Shit. Poor shooting like this is total bullshit, and I cannot allow that to stand. So when I get back Over The Pond in two weeks’ time, I am going to be putting in some extensive trigger time in Texas on my offhand shooting: of that you can be sure.

I can only apologize to Mr. FM and Paul for my pathetic shooting, but I promise that the next time, I will not make a fool of myself again.

On a side note: I have got to lose some weight — fucking hell, I look nine months pregnant — so there’ll also be a lot less fork time when I get back.

4 comments

  1. Your shooting has always been kinda miss and miss, at least while I have watched you shoot.

    I suggest trying for an NRA-Winchester distinguished rifleman in .22lr. That will clean that crap up. Use a top quality .22 with a proper .22lr parallax scope.

    Maybe a Nikon Prostaff 22?

  2. What can a true friend say about your travails?
    “No Kim, you don’t need to shed weight”; or, “Crikey Du Toit, you look like a pregnant magpie son! 20 mile hike for you at 0530 tomorrow, and no more than one pack of K rations.” ?
    “No Kim, it is the gun’s fault”. Or, “listen KDT, master the bleedin basics son! Trigger, breathing, sight picture, don’t snatch the trigger son, don’t bleedin well flinch” ?

    Too long wallowing in the decadent lifestyle of running-dog capitalists. Time for a de-tox.
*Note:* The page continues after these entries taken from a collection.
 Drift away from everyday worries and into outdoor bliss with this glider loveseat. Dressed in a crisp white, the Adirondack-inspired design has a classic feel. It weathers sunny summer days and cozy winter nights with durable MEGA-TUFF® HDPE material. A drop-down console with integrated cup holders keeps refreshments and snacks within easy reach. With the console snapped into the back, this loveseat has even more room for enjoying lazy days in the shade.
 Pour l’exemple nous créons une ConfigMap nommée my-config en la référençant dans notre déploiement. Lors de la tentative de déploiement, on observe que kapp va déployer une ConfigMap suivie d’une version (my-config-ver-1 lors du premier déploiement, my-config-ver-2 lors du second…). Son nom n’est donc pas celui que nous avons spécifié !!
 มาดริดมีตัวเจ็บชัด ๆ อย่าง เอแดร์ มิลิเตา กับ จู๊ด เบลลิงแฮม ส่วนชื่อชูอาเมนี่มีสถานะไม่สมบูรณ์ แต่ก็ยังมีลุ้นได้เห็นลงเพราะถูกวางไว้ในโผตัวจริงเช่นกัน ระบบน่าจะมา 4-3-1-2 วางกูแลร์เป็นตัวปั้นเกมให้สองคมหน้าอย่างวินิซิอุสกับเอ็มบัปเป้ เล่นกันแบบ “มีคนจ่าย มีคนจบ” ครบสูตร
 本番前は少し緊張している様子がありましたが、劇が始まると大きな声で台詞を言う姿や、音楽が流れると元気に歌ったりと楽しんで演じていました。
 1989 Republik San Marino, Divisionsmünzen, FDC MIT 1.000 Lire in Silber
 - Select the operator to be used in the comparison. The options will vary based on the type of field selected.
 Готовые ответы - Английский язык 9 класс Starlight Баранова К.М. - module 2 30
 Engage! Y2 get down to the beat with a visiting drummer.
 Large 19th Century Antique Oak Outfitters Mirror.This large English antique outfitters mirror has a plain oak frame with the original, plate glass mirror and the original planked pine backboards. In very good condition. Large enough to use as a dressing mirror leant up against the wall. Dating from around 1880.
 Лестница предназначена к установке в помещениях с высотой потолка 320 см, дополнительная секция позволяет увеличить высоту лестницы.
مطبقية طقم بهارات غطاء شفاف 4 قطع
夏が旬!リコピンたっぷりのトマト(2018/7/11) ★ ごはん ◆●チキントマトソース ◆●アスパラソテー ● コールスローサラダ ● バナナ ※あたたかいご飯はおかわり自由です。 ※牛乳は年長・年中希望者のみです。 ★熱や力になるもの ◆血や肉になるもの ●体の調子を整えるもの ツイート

Then onward and upward.

    However, I like the look of those nice rifles in the stand; plus some cartridges that are far larger than I have ever used. (envy, envy. Exit stage left, still grumbling…)

  3. Been there, done that. I have learned that it is worthwhile to dig out the CZ (a 452 American) about once a month and focus on offhand work for an hour or so. The 452 does cloverleafs at 50 meters with Ely Match, the Leupold on it is always crystal clear, so any variance is me, not the equipment. It’s a useful reminder to stay in practice, and the results extend well to other rifles.

    While you’re losing weight – something I, and many others, have gone through – I’d suggest some concentration on strength development in the areas of arms, shoulders, back and abdomen; those are the areas most beneficial to steadier rifle work.

    One exercise I’ve found particularly useful is something physical and occupational therapists use: a wood rod with a string and weight. Extend arms, roll up, roll down, roll back up again, overhand, increasing the weight over time; when you think you’ve gotten good at it, do it underhand. It’s a thoroughly crappy movie in a great many respects, but I was surprised to note that this exact training was included in Hannie Caulder; someone in the production was a shooter.